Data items
⁂

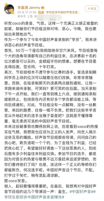 其实除了王泽鹏,最近还有多名好声音学员站出来爆料,比如李嘉捷就爆料了50万一个座位不是空穴来风,总决赛前十名的名次是可以买的。
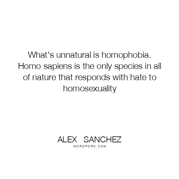 What's unnatural is homophobia. Homo sapiens is the only species in all of nature that responds with hate to homosexuality
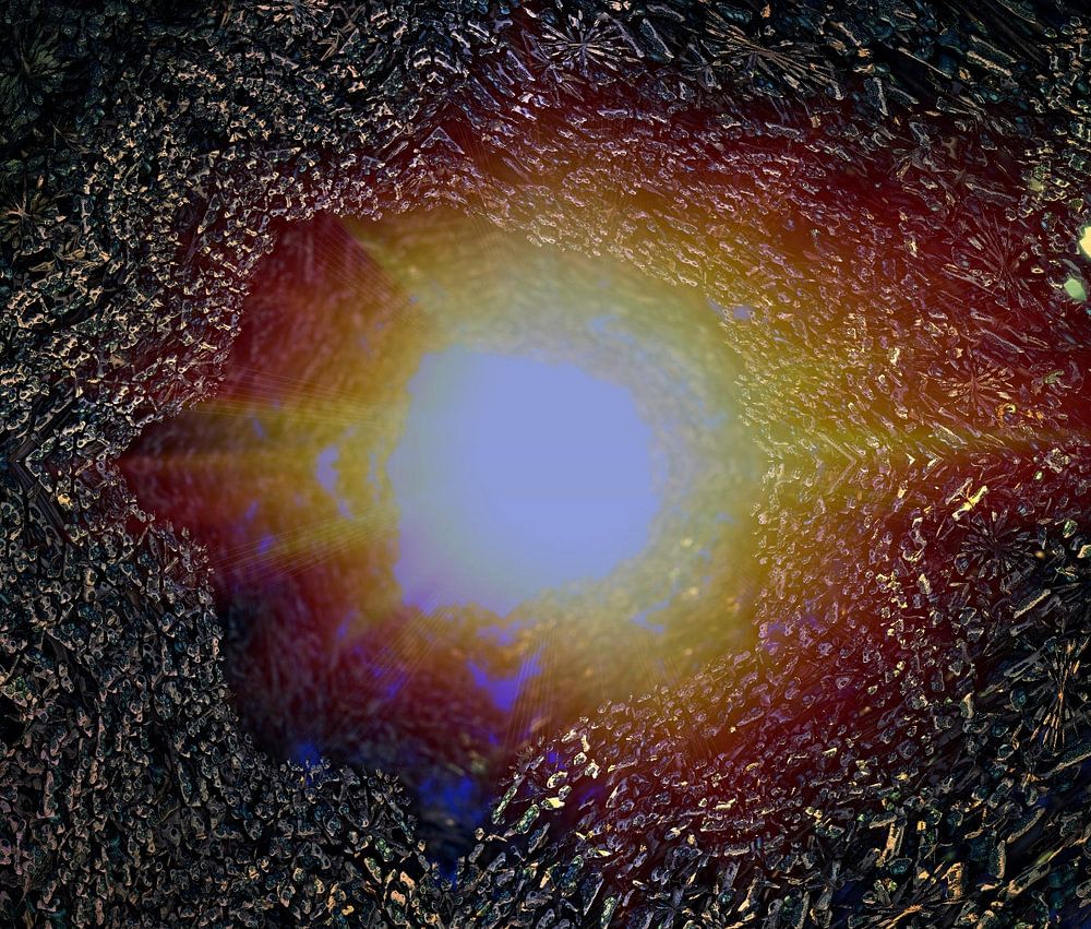 Zicht op de supernova, 3d-fractal-grafiek, deel van een reusachtige fractal volgens de Mandelbrot-vergelijkingen, berekend met het programma Mandelbulb 3D
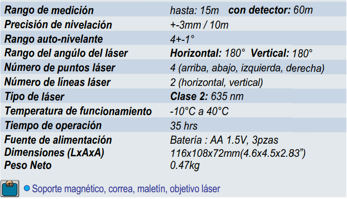 Nivelador láser vel. rotación batería AA 2 líneas cruzadas
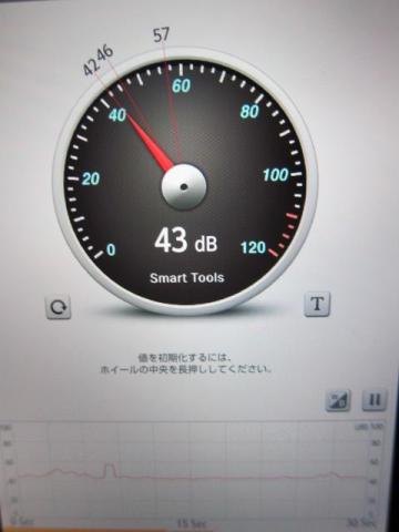 振動は直接数字で表せないので,再生中に騒音計で代用してみます.Seagate NAS HDDが45dB程度,WD Greenが43dB程度でした.

⁂

▸ Instructions to follow
Beginning with the line that contains "Zicht op de" and ending with the last line of the data above, output those lines exactly and nothing more, without any pictures.

▸ Response area
 Zicht op de supernova, 3d-fractal-grafiek, deel van een reusachtige fractal volgens de Mandelbrot-vergelijkingen, berekend met het programma Mandelbulb 3D
 Nivelador láser vel. rotación batería AA 2 líneas cruzadas
 振動は直接数字で表せないので,再生中に騒音計で代用してみます.Seagate NAS HDDが45dB程度,WD Greenが43dB程度でした.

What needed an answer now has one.